Рассказ написан Набабкиным-Романюком А. весной 1985 года, (14 лет) когда он учился в 7 классе интерната. Рассказ написан на обрывках листов, оставшихся от выдаваемых для уроков тетрадей, чернилами, которые были сделаны из смеси сажи и остатков найденного на улице одеколона. Денег на что-то лучшее не было… :-)
Человек, который любил (рассказ старого рабочего)
Стучат о рельсы огромные колеса, выстукивая один и тот же ритм. Я сижу в купе задумавшись, глядя в окно. За ним мелькают столбы, поля, леса и деревушки – русская земля, ни сравнимая ни с чем. Как она красива! Я любуюсь ею, но глаза мои слипаются и я, наконец, закрываю их, отдаваясь наступающей дремоте. Все спокойно и прекрасно, приятным воспоминанием наплывает только что виденная панорама, потом все смешивается, готовое исчезнуть.
Но вдруг бурлит мой привыкший к режиму желудок, напоминая, что я еще не ужинал. На часы не гляжу — и так все ясно – половина восьмого. Быстро и тихо встаю, захватываю из чемодана кошель и направляюсь ужинать.
В вагоне-ресторане кроме меня и старика-попутчика никого не оказалось. Мы сели друг напротив друга и когда нам подали еду, принялись утолять голод. Но оба мы ели довольно-таки медленно, и я успел заметить как этот старик подносит каждую ложку ко рту: бережно, стараясь не обронить на стол ни одной капли, ни одной крошки. Это было первое, что родило во мне непроизвольное уважение к этому человеку. Мне захотелось поговорить с этим человеком, я стал искать повод, и тут он словно по моему желанию сам явился. Старик вдруг закашлялся. Я тихонько, стараясь угодить, постучал его ладонью по спине, думая, что тот подавился, но это впрок не пошло. Через пару минут он сам перестал кашлять и чуть виновато объяснил: «Чахотка проклятая замучила».

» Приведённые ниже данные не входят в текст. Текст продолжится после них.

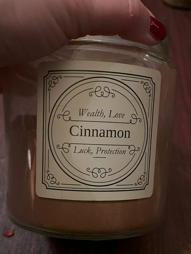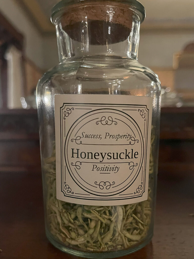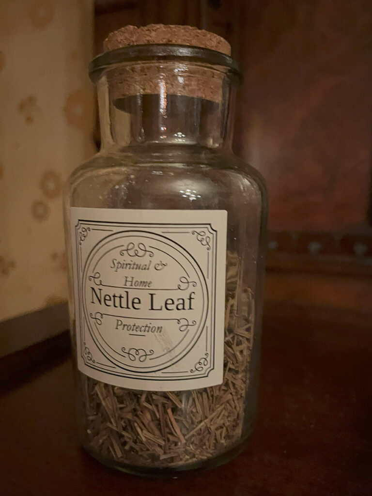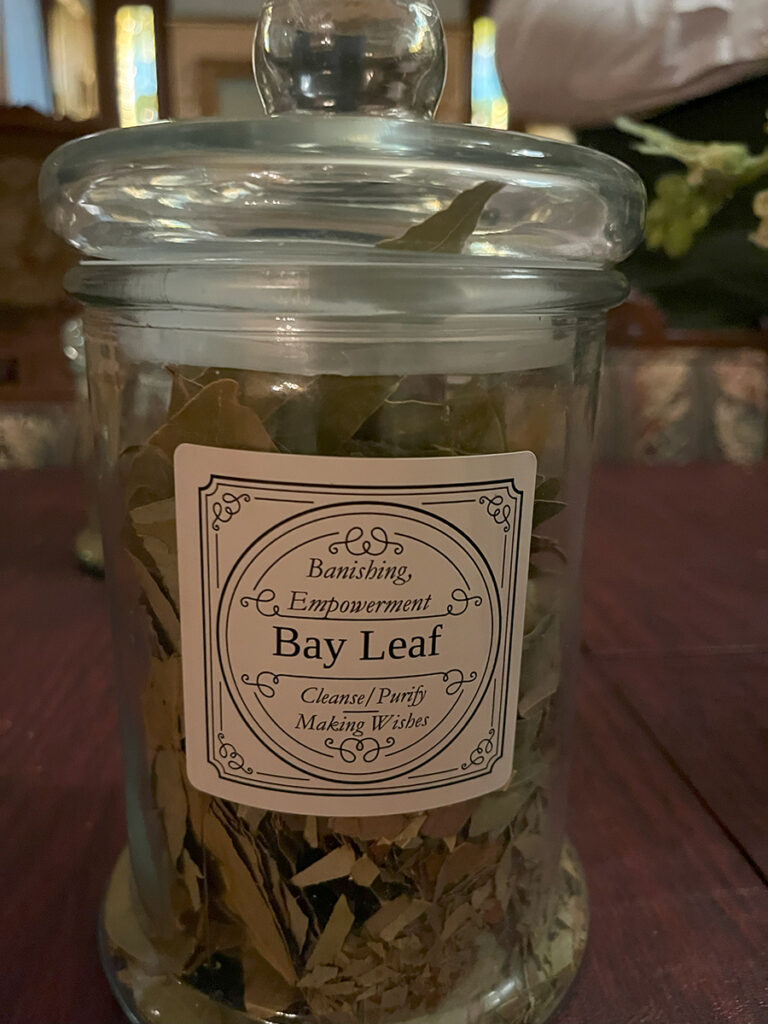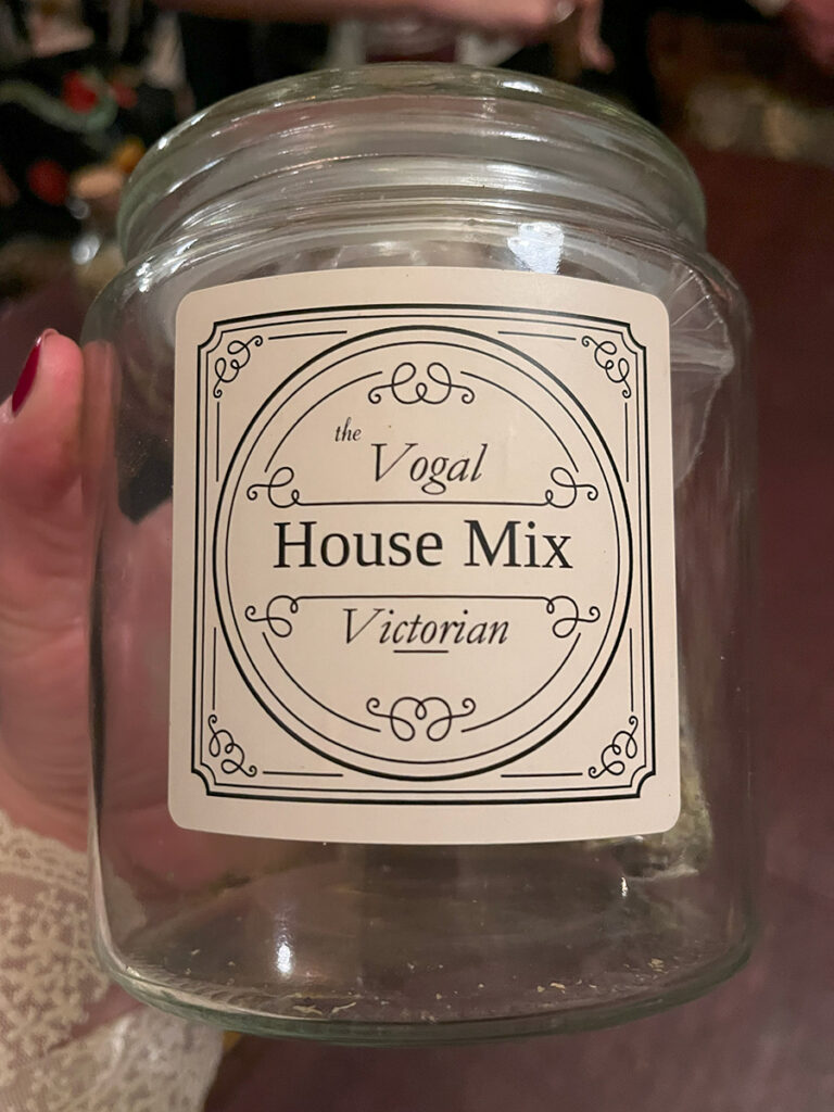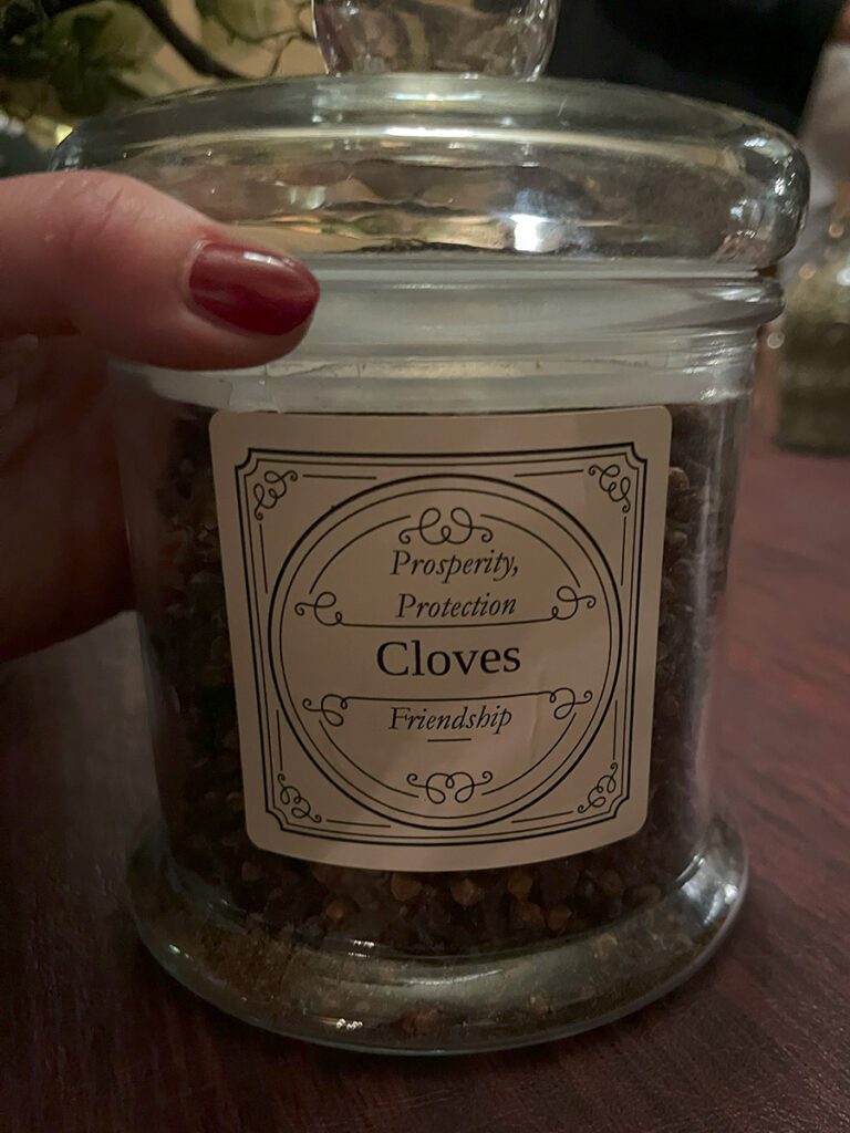 Following introductions, we were then directed to the twin dining rooms from the parlor. Two stations had been set up between each room with assorted apothecary jars. Each was filled with assorted herbs and their meanings. Diana then presented a wonderful demonstration for how the building of our charm should go. We were handed a small vial to fill and encouraged to get to it. We were told to shout out across the rooms for jars or intentions we needed. I found that bit particularly enjoyable. I felt the only thing lacking from this activity was a little checklist to mark all the herbs used. Another guest had the brilliant idea of taking photos of each herb and I followed suit.

Я попробовал извиниться за ошибку, но он воспротивился: «Что вы, что вы, это я у вас извинения просить должен!» Так завязался разговор, о котором я и теперь с удовольствием вспоминаю как о счастливом событии.
Лицо этого человека, живое, с маленькими глазами карего цвета, с сетью морщин на лбу и щеках, грустно улыбающийся рот и сейчас стоят передо мною и будь я художник, я бы непременно нарисовал портрет этого старика, а картину выставил там, где много народа. Пусть бы все увидели настоящего, замечательного человека.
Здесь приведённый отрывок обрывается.